Seasons like Kampman had in 2006 and 2007 are gone for him, but not forgotten. Those 27.5 sacks have to be part of the reason the Jaguars signed the 30-year-old to a four-year, $26 million contract with $11 million guaranteed. It’s nearly the identical deal former Tennessee Titan Kyle Vanden Bosch received with the Detroit Lions. It is quite a large sum of money to hand over to Kampman with him coming off a major knee injury – a torn left ACL.

When Kampman met with the local media on Monday, some of the questions involved his returning from the 2009 season, which he started nine games, and then missed the rest with the ACL. And, under Green Bay Packers defensive coordinator Dom Capers’ 3-4 defense last year, Kampman moved to outside linebacker instead of his traditional hand-in-the-ground defensive end. After being asked about the change in position, Kampman sighed heavily and answered, “You know, I’ll just say this – I like to go forward.” He also spoke of the differences in watching game film and focusing on wide receivers and tight ends instead of just an offensive tackle.

Most importantly, with Kampman’s signing, the Jaguars addressed the No. 1 need for their team – defensive end. Last year’s defense recorded a league-worst 14 sacks on the opposing quarterback. At head coach Jack Del Rio’s final press conference for the 2009 regular season, he was questioned about whether getting pressure on the quarterback was the No. 1 area of the Jaguars’ defense that needed improvement. Del Rio replied, without much hesitation, “I think our ability to win one-on-ones and affect the quarterback would be number one, yes, in terms of if you’re going to try and rank them. I think it goes hand-in-hand with playing good defense. It doesn’t always have to be a sack but certainly your sack numbers will be respectable if you’re harassing the quarterback a lot.” With Kampman on the Jaguars’ roster, the team has a proven pass rusher and someone to possibly mentor the younger defensive ends.

On Monday, Kampman, an Iowa native and friend of Jaguars center Brad Meester, spoke of what kind of defensive end he has been. “Sometimes, I’m a leverage rusher. I’m a throw-a-fastball, get-in-your-face kind of rusher. I’m not going to try and run around guys.” That was the hope the Jaguars had when the team drafted Derrick Harvey and Quentin Groves in 2008 – a get-in-your-face rusher. The two SEC products have 8.0 total sacks in 32 games started. I don’t think the presence of Kampman will make Jaguars fans forget about the shortcomings of Harvey and Groves, but Kampman will slowly become the face of the Jaguars’ defense. With a special confidence and poise, Kampman, on whether he’ll play left or right defensive end, stated, “I look forward to going against some left tackles.”

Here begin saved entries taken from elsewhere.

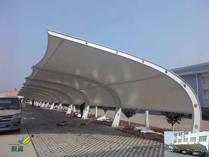 3、膜結構車棚具有極短的施工周期。膜結構車棚的一切設計,加工,制作都可以在工廠完成,在現場只要安裝作業。相比傳統建筑工期縮短了2倍。
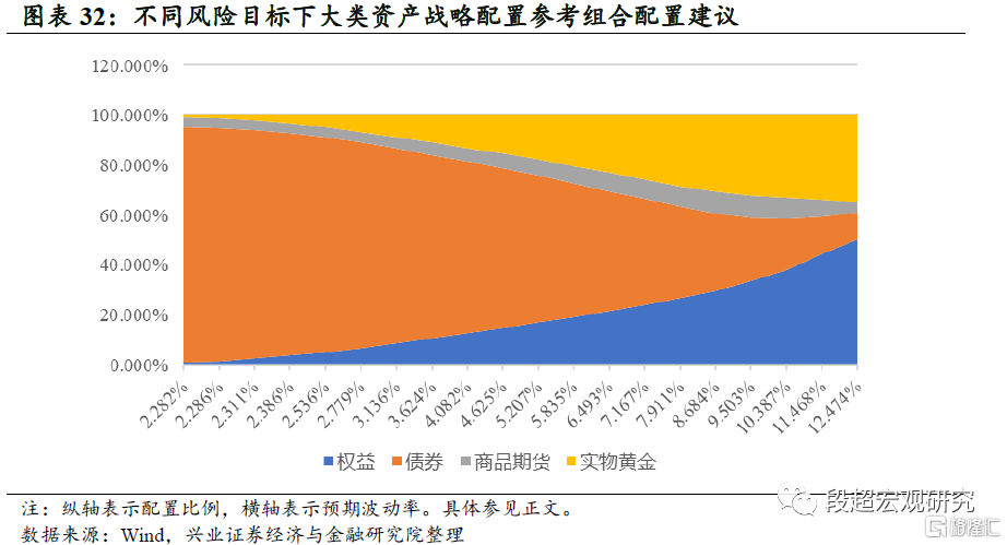 在对一级大类资产收益风险预测的基础上,我们结合重抽样均值方差模型[1]给出了不同风险约束下,大类资产的建议配置比例。随着组合目标波动率的提升,权益资产的配置比例逐步提升,债券资产的配置比例明显下降,商品类资产中实物黄金的配置比例高于商品期货,主要在于黄金对权益资产的分散化效果优于商品期货。
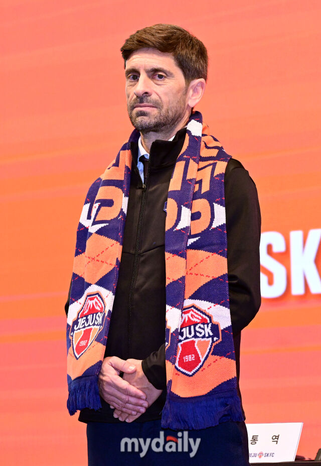 [마이데일리 = 곽경훈 기자] 세르지우 코스타(52·포르투갈) 감독이 29일 오전 서울 메이필드호텔에서 진행된 프로축구 K리그1 제주SK 감독 취임 기자회견에서 포즈를 취하고 있다.
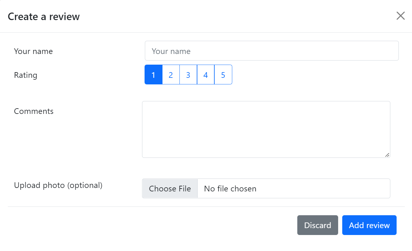 3. On the Create a review dialog, enter a name, rating, comments, and upload a photo for the review. When finished, select Add review.

Over the last four years, Kampman’s sack total has gradually been decreasing. In that time span, it went from 15.5 to 3.5. Question marks are raised. And, in few instances do you hear of players improving once they turn the big 3-0. Kampman was asked if he can make an immediate impact on a young Jaguars’ squad come the 2010 regular season. He calmly said, “I believe the mark of a champion is consistency. And, so, I’ll try to be a guy that is very consistent. I think respect is earned. And, so, you know, I’ll be a guy that is the same guy or try to be the same guy every day. And, I think that can create impact as guys begin to understand who you are and how you go about your business. You know, over time, my experience has been that respect is given, and then you have more of an opportunity to influence.”

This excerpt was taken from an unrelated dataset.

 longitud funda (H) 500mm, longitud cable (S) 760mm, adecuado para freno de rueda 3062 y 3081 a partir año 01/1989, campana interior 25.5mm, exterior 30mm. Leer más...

In Jacksonville, Kampman is given a new starting ground. For eight seasons, Green Bay was all he ever knew. With the Jaguars, Kampman has a chance to create a new identity for himself and for a defense that has struggled to reclaim its stop-the-run, crush-the-quarterback toughness. Kampman closed his first press conference in Jacksonville by discussing the finer points of how to be a professional. “I learned at any early point in my career that the mind was still the greatest asset on the football field. That coupled with your heart.” Along with Kampman’s heart and mind, he brings hope to a Jaguars’ defense that has suffered the past two seasons.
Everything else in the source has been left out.